Queste due posizioni, che ho molto sommariamente schematizzato, sono, a mio avviso, da evitare entrambe. Nel cuore di ogni essere umano non vedono certo altri suoi simili, ma mi pare che anzitutto una qualsiasi nuova legge debba muovere con chiarezza nelle direzioni seguenti:
– riconoscere, senza remore, i diritti di tutti coloro che non si vogliono sposare, poco importa se nel matrimonio religioso o in quello civile, definendo il quadro di riferimento di un unione civile che non sia comunque sovrapponibile, anzitutto nei diritti, ad un matrimonio (prevedere che si possa uscire dall’unione civile attraverso un divorzio, significa equiparare tale unione ad un matrimonio, senza avere il coraggio di dirlo);
– porre una robustissima barriera giuridica contro qualsiasi possibilità di pratiche riassumibili nella pessima e terribile formula «utero in affitto»;
– non rendere automatica l’adozione di figli da parte di coppie omosessuali, ma sottoporre questa possibilità alla valutazione, caso per caso, di magistrati e assistenti sociali. Non sono per nulla ostile, in termini di principio, all’adozione da parte di singles o di coppie omosessuali: infatti bambini e ragazzi che vengono da vissuti difficili se non tragici come la maggior parte degli adottandi possono trovare certamente, anche da parte di persone singles o di coppie omosessuali, l’amore di cui hanno bisogno per vivere e crescere serenamente. Credo, però, che la valutazione dell’opportunità di adottare debba essere particolarmente attenta in tali contesti (anzitutto quelli delle coppie omosessuali) in cui la diversità interpersonale più radicalmente naturale – quella maschile e femminile – non è sperimentabile a livello familiare.
Occorre promuovere il superamento di ogni fastidio, difficoltà o discriminazione nei confronti di coloro che sono omosessuali, in particolare tra coloro che dicono di essere cattolici o, comunque, cristiani e, spesso, lo si deve riconoscere, non appaiono tanto capaci di capire che cosa implichi provare ad essere cristiani in termini di accoglienza dell’altro, dunque di amore evangelico effettivamente universale.

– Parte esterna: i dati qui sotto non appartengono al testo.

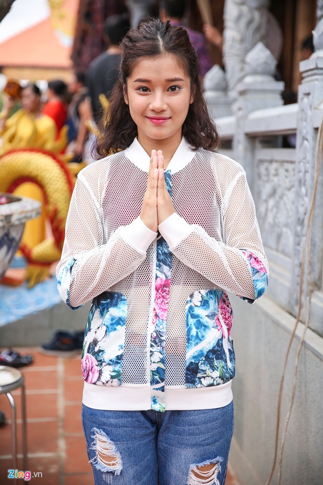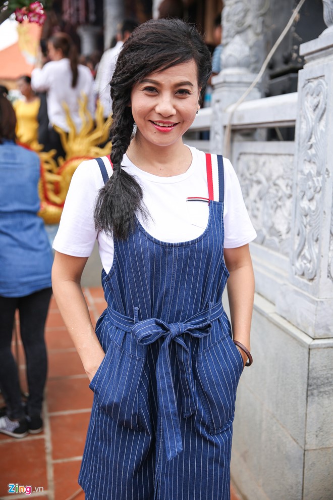 Diễn viên Kiều Trinh dù bận quay phim nhưng 6h sáng đă có mặt để cúng Tổ. Chị biết ơn những ǵ Hoài Linh đă làm cho các nghệ sĩ để họ có nơi tề tựu trong ngày quan trọng. Sau khi thắp hương, chị và con gái xin lộc là lư hương Tổ.
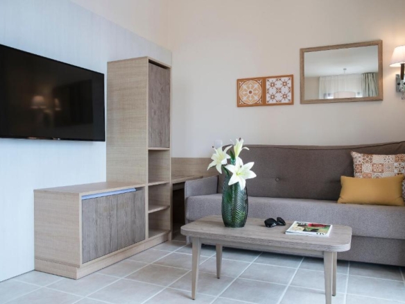 The Mediterranean-style apartments at the Bonavista Bonmont feature a furnished terrace or balcony. The kitchen area comes with a fridge, microwave and dishwasher; and a safe is available at an extra cost. Bed linen and a final cleaning service are included.
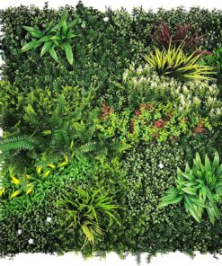 Jardín vertical Natus decorativo. Ideal para decorar un espacio, pared o techo. Fabricados con hojas sintéticas con magníficos colores y flores originales que les otorgan una excepcional apariencia y acabado natural. Su base está conformada por paneles de PVC y anclajes que se unen entre sí para crear piezas más grandes. Precio por unidad
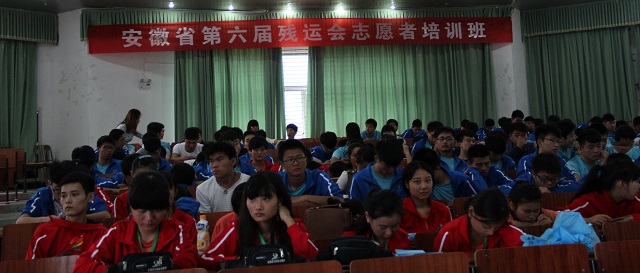 为进一步提高志愿者服务残运会、服务残疾人群体的技能,增强为残疾人服务的技巧。国庆前期,我院280名残运会志愿者在我院图文信息一楼报告厅接受岗前培训。安徽医科大学陈新民教授、安徽省特殊教育中专学校曹灿老师、安徽省残疾人体育训练指导中心段蓓蓓老师分别授课。
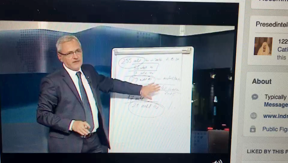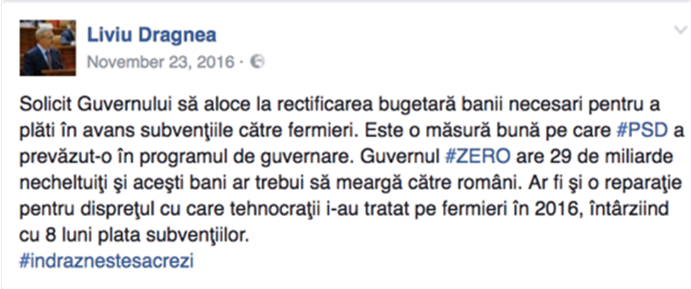 Tot pe 23 noiembrie 2016 domnul Liviu Dragnea posta pe Facebook inregistrarea emisiunii din 22 noiembrie la B1 TV, realizator Silviu Manastire unde spunea, cu exact o zi inainte de anuntarea rectificarii bugetare: “Au avut programul de dezvoltare locala pornit de mine. L-au stopat in Septembrie dupa ce se cheltuisera toti banii 3 miliarde, au deja facturi de 1.3 miliarde. Sper sa le dea banii. Si mai pot face ceva. Sa aduca cheltuieli de anul viitor anul asta. Sa pot plati toata subventia pentru fermieri in avans.”
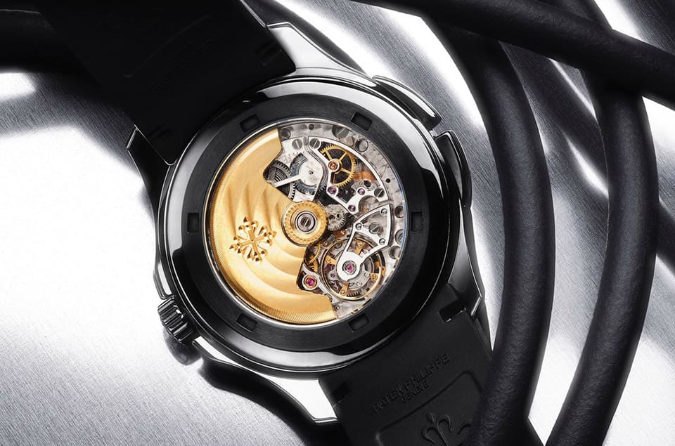 MAD Paris在大量捨棄面盤輔助顯時的元素之餘,還是保留下面盤外緣的刻度以及日期顯示盤周圍的刻度(不然真的很難看出明確的時間),此外由面盤刻度環-日夜顯示窗-日期顯示盤的範圍內也特別以鍍黑的鏤空橋板連接,這麼一來既可以維持日夜顯示的功能,同時又帶有一點裝飾效果,一石二鳥的設計盡顯MAD Paris的製錶才華。改成開面結構的Aquanaut 5164A老實說視讀性並沒有原廠設計出色,但如果是以獨特性的角度來論,錶主的確達成了他的願望,讓手錶看起來自成一格且能釋放高級製錶工藝的迷人本色。

D’altra parte, essere giusti, evangelicamente parlando, significa essere attenti alle persone in difficoltà come ricorda, per esempio, il grande affresco di Matteo 25,31-46 (»Avevo fame e mi avete dato da mangiare, avevo sete e mi avete dato da bere…»). Allora ogni futura disciplina giuridica delle tipologie di unione interpersonale civilmente riconosciute al di là del matrimonio tra un uomo e una donna, a mio avviso, deve badare ad evitare che si creino condizioni di irresponsabilità e di menefreghismo anzitutto verso i minori che delle scelte degli adulti sono assolutamente «irresponsabili»…

Alla, luce, poi, di quanto si è visto prima, durante e dopo il «Family Day» di sabato scorso, mi pare giusto affermare che, anche se fossero andati in cinque milioni a tale appuntamento – molto sensatamente non appoggiato dal Papa e dalla Conferenza Episcopale Italiana come istituzione – non è il numero che dà maggiore rilevanza etica ai valori che vi sono stati sostenuti. Con questo principio le masse e le folle che hanno seguito plaudenti i vari dittatori della storia – per l’Italia pensiamo al Cavalier Benito Mussolini degli anni Trenta e inizio Quaranta del XX secolo – dovrebbero in sé essere ritenute, per il fatto di essere state molto ampie, sostenitrici di valori significativi. Quello che è auspicabile – lo ribadisco – è che si trovi in Italia e, ovunque sia necessario, soluzioni legislative che promuovano una cultura sempre più umana e umanizzante.
Quale? Quella in cui
– gli omosessuali non siano visti con sufficienza e disprezzo da nessuno, magari parlando di «peccatori» senza neppure aver letto, per es., il «Catechismo della Chiesa Cattolica» del 1992 in proposito;
– le famiglie fondate sui matrimoni religiosi o civili tra donne e uomini siano sostenute seriamente a livello sociale ed economico, senza esaltare, anzitutto religiosamente, fenomeni oggettivamente «complessi» come i gruppi familiari con tantissimi figli, magari in nome di letture assurdamente astoriche di brani biblici come Genesi 1,26-28;
– non si scambino, nel riconoscere legittimi diritti ad altre forme di relazioni interpersonali civilmente riconosciute, egocentrismi e emotivismi di adulti, che risultano solo anagraficamente tali, con la difesa dei diritti oggi non riconosciuti;
– ci si opponga strenuamente a qualsiasi pratica riconducibile ad assurdità disumane come «l’utero in affitto»;
– si rendano le adozioni meno burocraticamente ed economicamente difficili, avendo tutte le cautele necessarie a livello psicologico, educativo, sociale, ma non chiedendo l’impossibile a quelle coppie, anzitutto di donne e uomini, che desiderano far spazio nella loro vita a bambini e ragazzi, spesso molto deprivati umanamente dalle condizioni in cui sono nati e cresciuti.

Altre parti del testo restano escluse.